The nth Catalan Number Expressed as a Beta Function

John Cook who blogs here, posted the following expression for the nth Catalan number on one of his twitter accounts

C_{n} = \frac{1}{2\pi} \int\limits_{0}^{4} x^{n} \sqrt{\frac{4-x}{x}} \mathrm{d} x

Let us express this as a Beta function
\int\limits_{0}^{4} x^{n} \sqrt{\frac{4-x}{x}} \mathrm{d} x & = x^{n-\frac{1}{2}} (4-x)^{\frac{1}{2}} \mathrm{d} x \\
& = 4^{n+1} \int\limits_{0}^{1} y^{n-\frac{1}{2}} (1-y)^{\frac{1}{2}} \mathrm{d} y \\
& = 4^{n+1} \, \mathrm{B}\left(n + \frac{1}{2}, \frac{3}{2} \right)
We used the substitution \(y=\frac{x}{4}\).

Now we have
C_{n} = \frac{1}{2\pi} \int\limits_{0}^{4} x^{n} \sqrt{\frac{4-x}{x}} \mathrm{d} x = \frac{2^{2n+1}}{\pi} \mathrm{B}\left(n + \frac{1}{2}, \frac{3}{2} \right)

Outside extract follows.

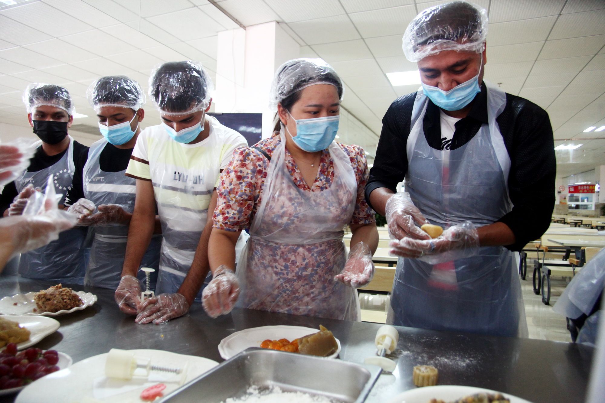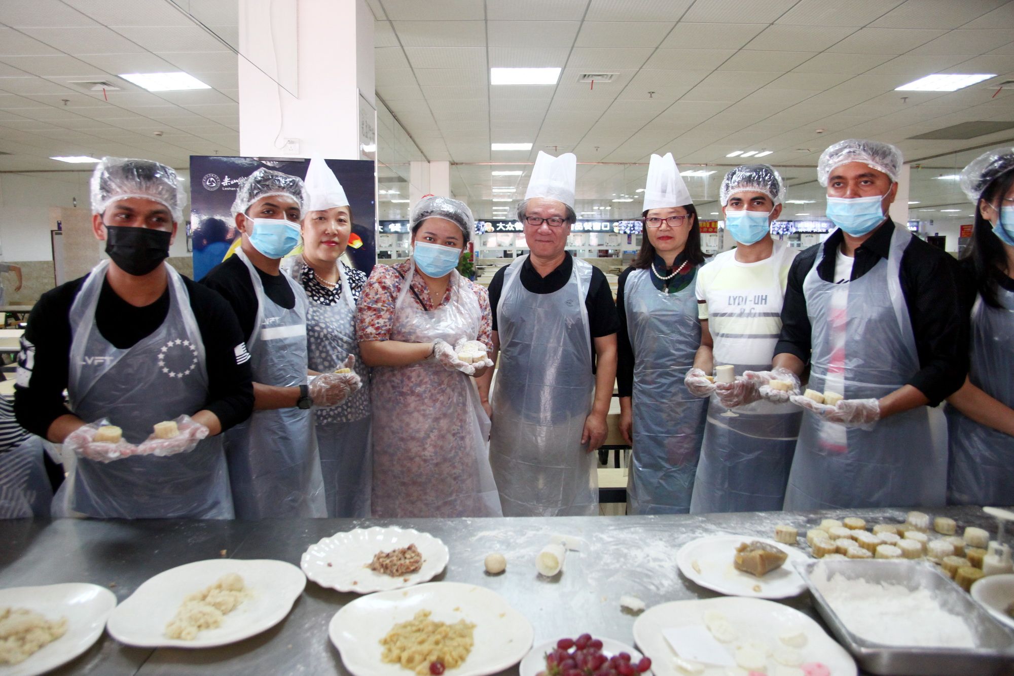 During the event, under the careful guidance of the pastry chef, the international students quickly mastered the skills of making dough, filling, and pressing molds. The students learned diligently, and the teachers provided attentive guidance. Looking at the trays of their labor成果, everyone's faces lit up with bright smiles. Listening to Peking Opera and tasting the mooncakes they made with their own hands, the students expressed their longing for home through the mooncakes and sent blessings from China to their families far away.

We will check this by using the following definition of the nth Catalan number
C_{n} = \frac{(2n)!}{(n+1)! \, n!}

Using the following Gamma function expressions
\Gamma(n+1) = n\Gamma(n), \quad
\Gamma\left(\frac{3}{2}\right) = \frac{\sqrt{\pi}}{2}, \quad
\Gamma\left(n + \frac{1}{2}\right) = \frac{(2n)!\sqrt{\pi}}{4^{n}n!}

We have
\frac{2^{2n+1}}{\pi} \mathrm{B}\left(n + \frac{1}{2}, \frac{3}{2} \right) & = \frac{2^{2n+1}}{\pi} \frac{\Gamma\left(n + \frac{1}{2}\right) \Gamma\left(\frac{3}{2}\right)}{\Gamma(n+2)} \\
& = \frac{2^{2n+1}}{\pi} \frac{(2n)!\sqrt{\pi}}{2^{2n}n!} \frac{\sqrt{\pi}}{2} \frac{1}{(n+1)!} \\
& = \frac{(2n)!}{(n+1)! \, n!}
thus equation \eqref{eq:1608123} is correct.